Dive Brief:
- Classrooms are seeing an uptick in globally focused lessons with student demographics becoming increasingly diverse, and with that shift comes an increase in programs and professional development opportunities that help educators thoughtfully teach about different cultures.
- Take, for example, Columbia University's Teachers College, which is now offering a 15-month, graduate-level Global Competence Certificate, to help educators meet the needs of their increasingly diverse classrooms.
- In 2011 the U.S. State Department began funding Teachers for Global Classrooms, a yearlong fellowship where teachers complete online coursework and also travel to foreign countries for two to three weeks.
Dive Insight:
Similar to the Teachers for Global Classrooms program, Columbia's Global Competence Certification also allows educators to travel. In that program, participants may go to Ecuador, Uganda, or Colombia for three weeks to complete field work that complements the 10 online courses on economic globalization, politics, social movements, and urbanization that they are also taking.

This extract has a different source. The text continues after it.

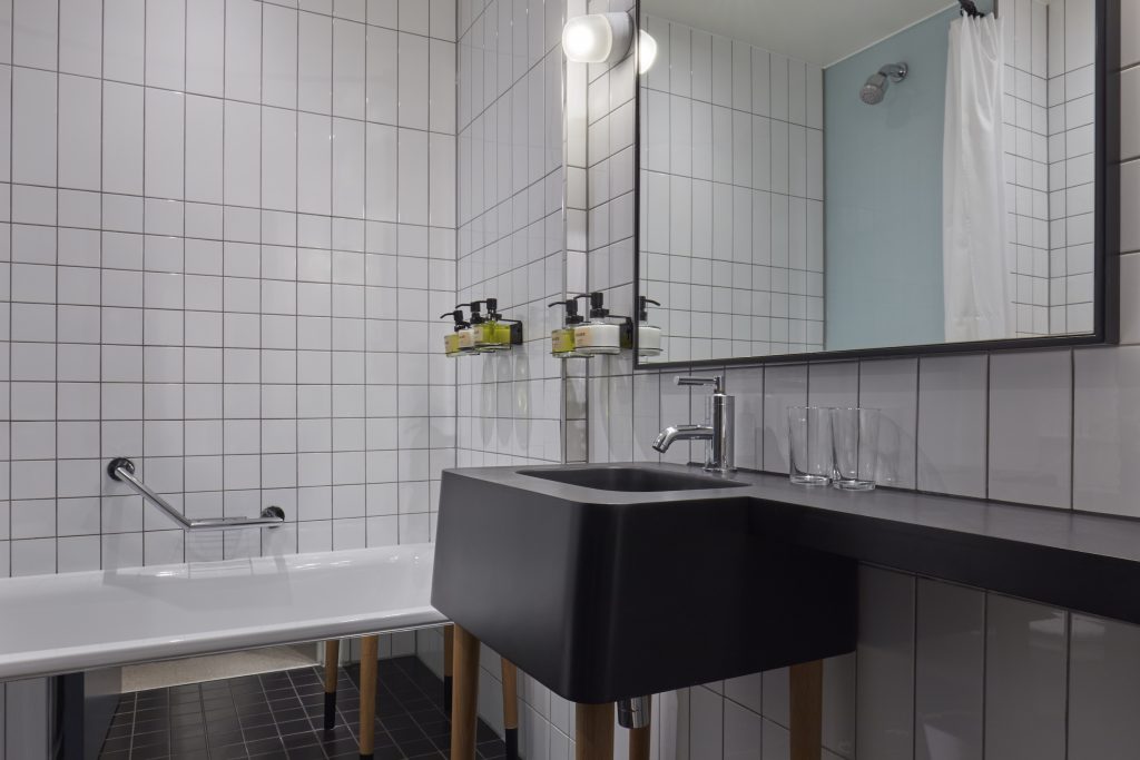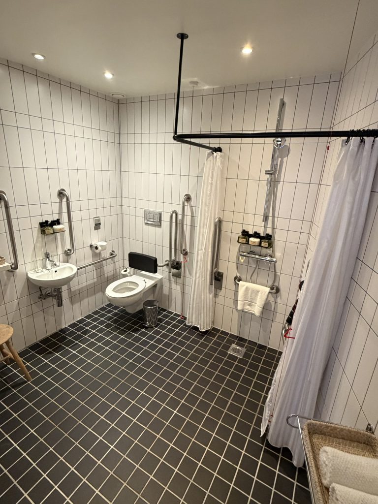 - Bathroom bins reachable from wheelchair in accessible rooms

For those thinking of becoming educators, some of the new teaching graduate programs, like those at Michigan State University and the University of Wisconsin-Madison, have incorporated global competency courses into their curriculum so educators don't need to seek out the opportunities further down the line.
Meeting students where they are and respecting and honoring who they are, as well as their culture, is critical for creating a positive learning environment.